To win, the link between narcotics and terrorism must be severed. That is the necessary condition for a successful strategy to undermine the growing influence of al-Qaida, the Taliban and radical Muslim groups in Afghanistan and Pakistan.
It is all about money–more precisely, drug money. The huge revenues from the heroin trade fill the coffers of the terrorists and thwart any attempt to stabilize the region.
Though not traded on any stock exchange, heroin is one of the most valuable commodities in the world today. While a ton of crude oil costs less than $290, a ton of heroin costs $67 million in Europe and between $360 million and $900 million in New York, according to estimates based on recent Drug Enforcement Administration figures.
Since its liberation from Taliban rule, Afghanistan’s opium production has gone from 640 tons in 2001 to 8,200 tons in 2007. Afghanistan now supplies over 93% of the global opiate market.
“This is a source of income for the warlords and regional factions to pay their soldiers,” warned former Afghan Interior Minister Ali Ahmad Jalili in a May 2005 interview with Reuters. “The terrorists are funding their operations through illicit drug trade, so they are all interlinked.”
Ehrenfeld’s solution is to conduct bio-warfare on Afghan poppy production used to make the world’s heroin:
There is, however, a strategy that could reduce the cost of fighting terrorists and drug traffickers alike, while helping to establish a self-sustaining economy in Afghanistan and defusing the tensions in the region. It would also cut down on the social and economic cost of heroin use in the U.S.
The Obama Administration should implement an innovative and safe poppy eradication method that previous U.S. governments spent billions of dollars developing. Mycoherbicides are naturally occurring fungi that are used to control such illicit pest plants as the opium poppy and other noxious weeds. Unlike chemical controls now in use, mycoherbicides assail only the targeted plant, rendering its cultivation uneconomical. These fungi continue to live in the soil, preventing the future growth of the opium poppy plant, but are harmless to other crops, to humans and to the environment.
On Dec. 29, 2006, then-President George W. Bush signed Public Law 109/469, of which section 1111 requires the Department of State to fund a concluding study of the effectiveness of mycoherbicides on the opium poppy and the coca shrub. Yet the White House Office of National Drug Control Policy failed to conduct the one-year study, apparently because it prefers to use pesticides for eradication. Concluding these studies should become a priority for the Obama administration.

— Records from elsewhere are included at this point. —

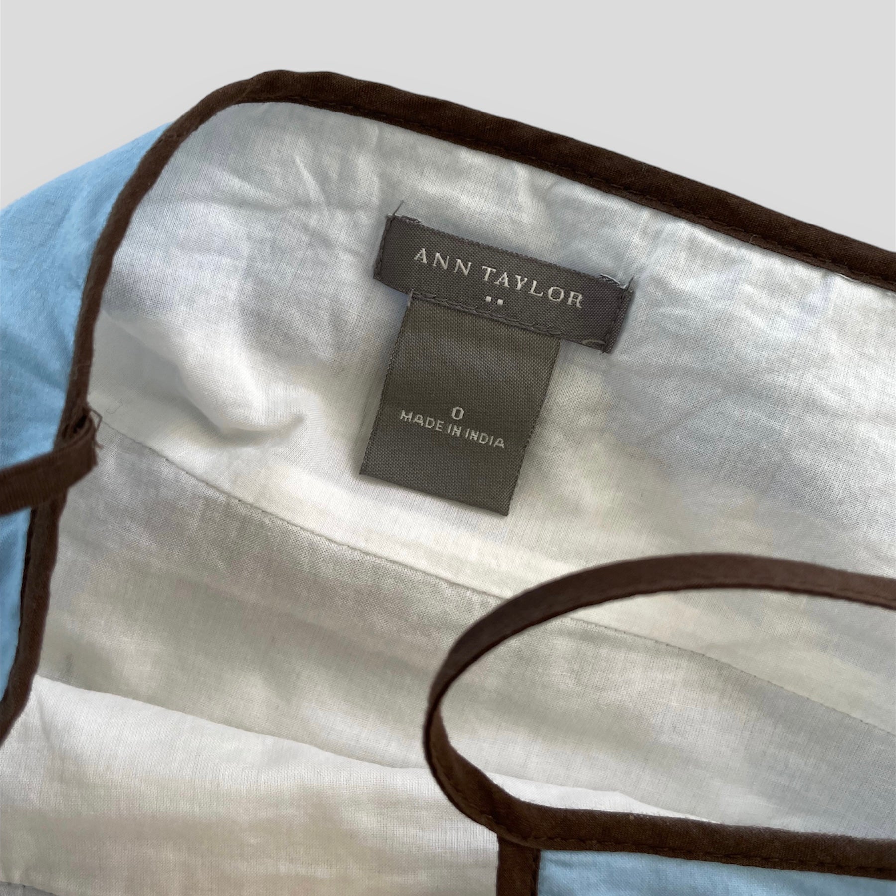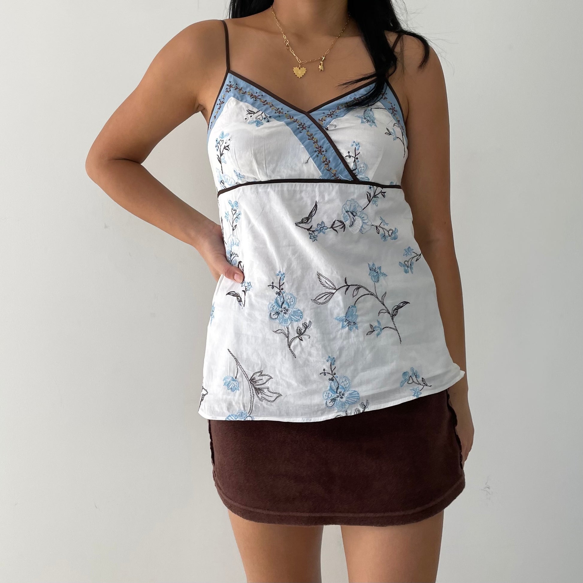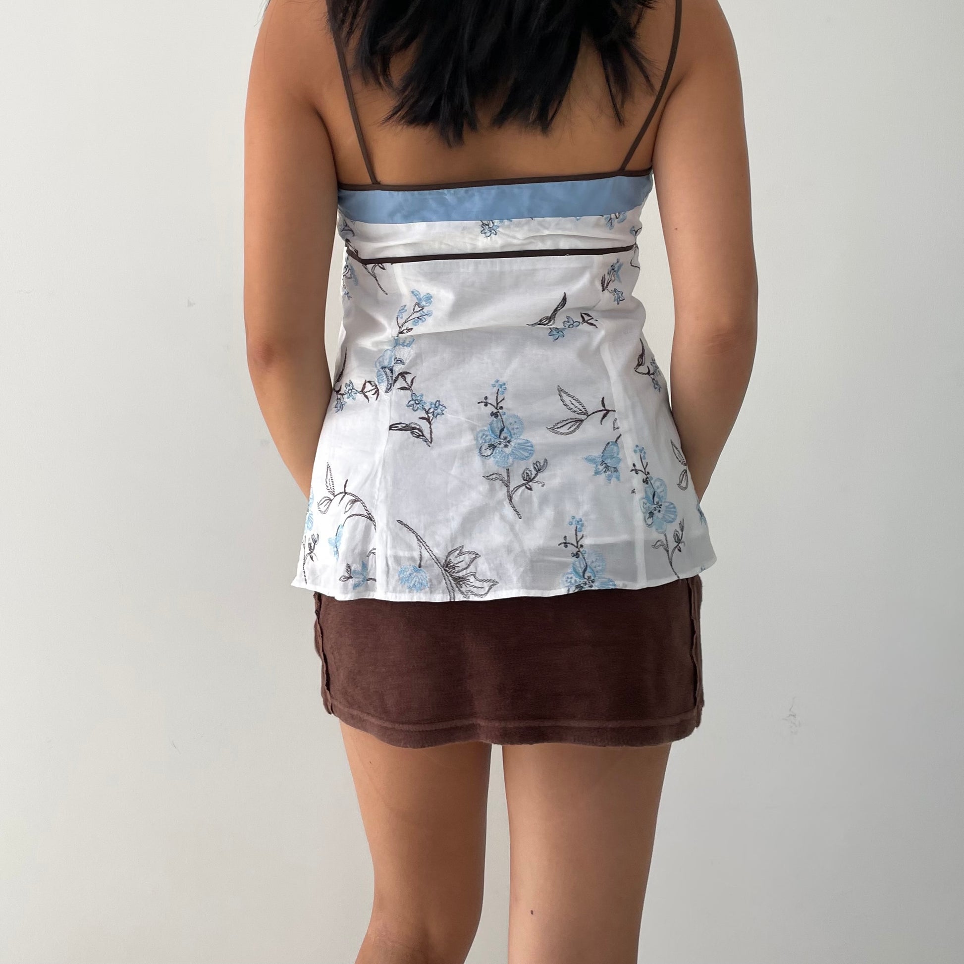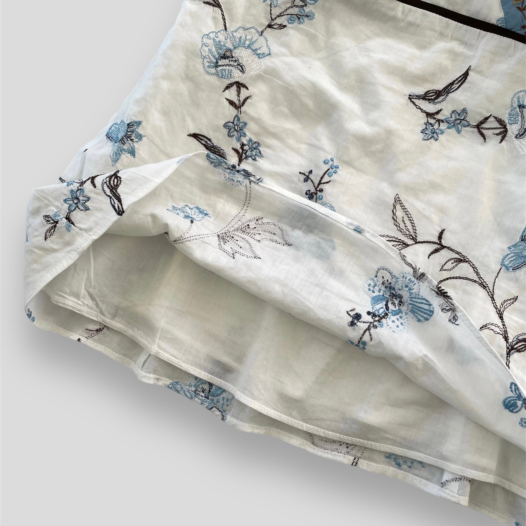 • Details: Concealed side zip; double lined; blue and brown floral embroidery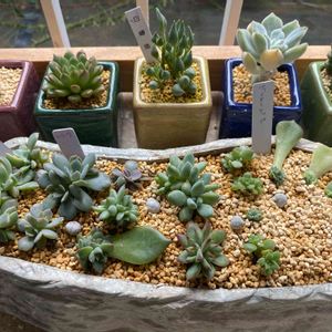 植替え作業🔀 粛々と😑💬 札無しっ子🌱 鉢を変えたら立派な子😍✨ 肉厚、粉っ子、むちむち、爪💅 いろんな子🥰✨ 綴化ちゃん🍒 大和錦っぽい子が😎いぶし銀✨ 鉢で印象が変わりました☺️👍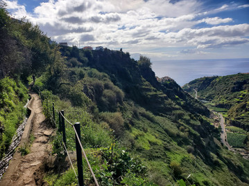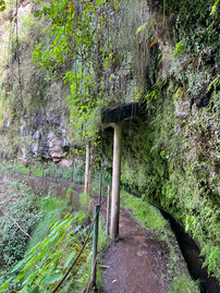 Right away we started following the levada which is an irrigation canal that brings water down from the mountain into these terraces. There are lots of them all over the island and they are very popular hiking routes.t was incredible to walk on the narrow path next to the levada. Sometimes there were posts connecting cables that provided some safety and other times nothing at all! On some sections we could walk and look around at the same time. During other parts we had to concentrate on where we were walking since there was nothing at all to keep us from falling off! The views into the canyon were just stunning and the lighting kept changing as the clouds rolled around which even created a beautiful rainbow at one point.

The use of mycoherbicides in Afghanistan, combined with adequate enforcement by the military, will mitigate the production of heroin and cut off the terrorists’ major money supply. This would free up the $150 to $200 billion now used to fight the drug trade and its byproducts–crime, addiction, diseases, accidents, etc.–in the U.S., and make these funds available to help fight terrorism directly.
Sen. Lieberman should take up hearings on Ehrenfeld’s smart strategy of poppy production eradication. It would be the moral equivalent of sending another 30,000 plus American servicemen and women into the sandtrap of Afghanistan and it would suck the oxygen from the lungs of Islamic extremists like the Taliban.